Fostering the Study of Scratch in Schools of Education through Seminars and Webinars

Using the Scratch programming environment with future elementary teachers.
Xabier Basogain Olabe
Juan Carlos Olabe

This article describes a set of experiences that took place over the 2012-13 academic calendar in three Spanish Schools of Education on the topic of the use of Scratch.
The goal of these experiences was to present the Scratch programming environment to future teachers of elementary school. These teachers will soon experience curricular changes in their future profession. These changes include the integration of the computer as part of the curriculum.
During these meetings we explored the current content of mathematics in the curriculum. This exploration revealed that the majority of problems studied in mathematics respond to a common structure. We called these problems type-A problems.
The Program for International Student Assessment (PISA) in its report of achievement levels in mathematics indicates a general low performance. In addition, type-A problems are found to be of little value in normal life.

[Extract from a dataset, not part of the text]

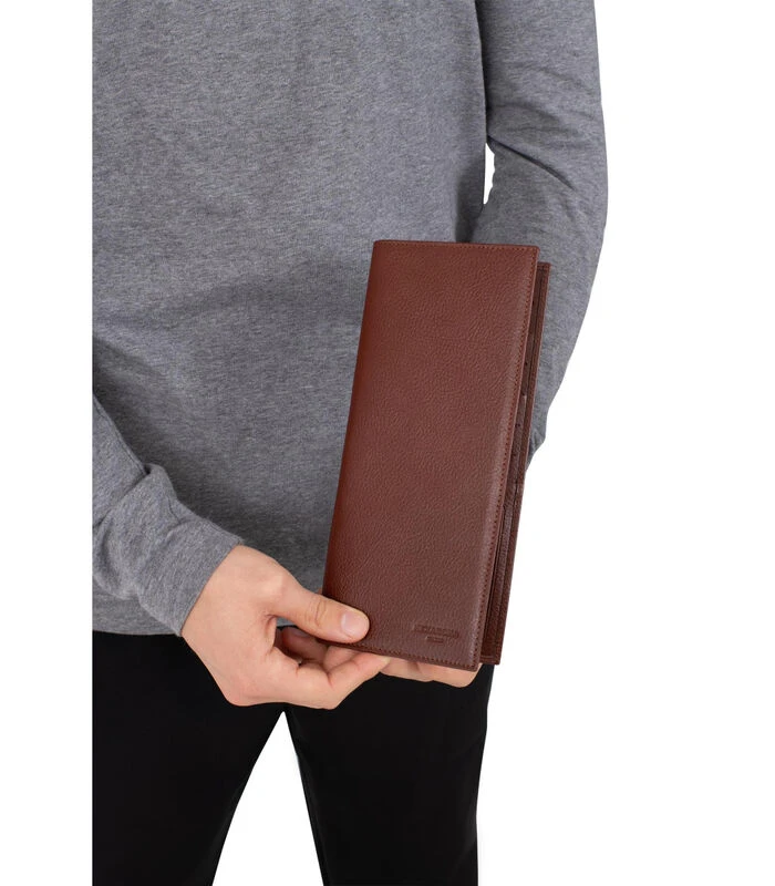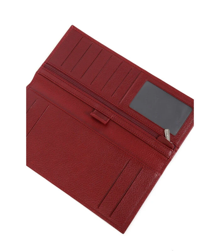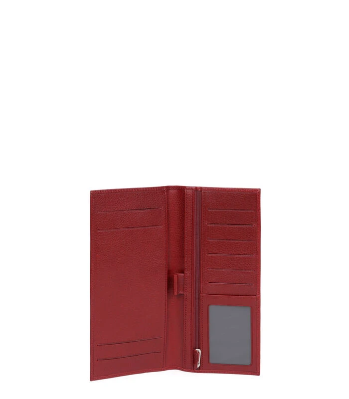 – Intérieur : 1 volet. 1 porte–monnaie zippé. 3 poches plates (dont 1 à vue transparente). 6 emplacements carte. 1 espace chéquier. 1 espace stylo.
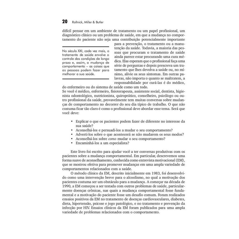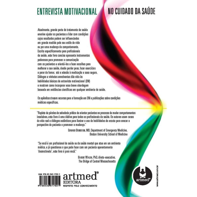 Escrito especificamente para profissionais da saúde, este livro conciso apresenta instrumentos poderosos para promover a comunicação com os pacientes e orientá-los a fazer escolhas para melhorar a sua saúde, desde perder peso, fazer exercícios e parar de fumar, até a adesão à medicação e sexo seguro. “Se você é um profissional da saúde ou da saúde mental que atua em um ambiente médico, e já questionou o que pode fazer com um paciente aparentemente ‘desmotivado’, este livro é para você.” Barent Walsh, PhD, direto-executivo, The Bridge of Central Massachusetts.

Type-B problems are essentially different from type-A problems. They are part of our everyday life. These problems present a structure and type of solutions different from type-A problems. Type-B problems require and environment where we can experiment with designs and implement solutions.
We can explore type-B problems using Scratch. It provides us with an interactive environment where we can experiment with designs and implement solutions.
We collected feedback from the participating students. This feedback was collected through quizzes and questionnaires, and will be presented during the conference.
The students of the University of Alicante and the University of the Basque Country participated in face to face seminars, while the students of the University of Extremadura participated via webinars.
This experience has allowed us to discover the relative little value attached to type-A problems. Type-B problems on the other hand have been found to be of great value and interest. Scratch was the environment that allowed us to explore type-B problems.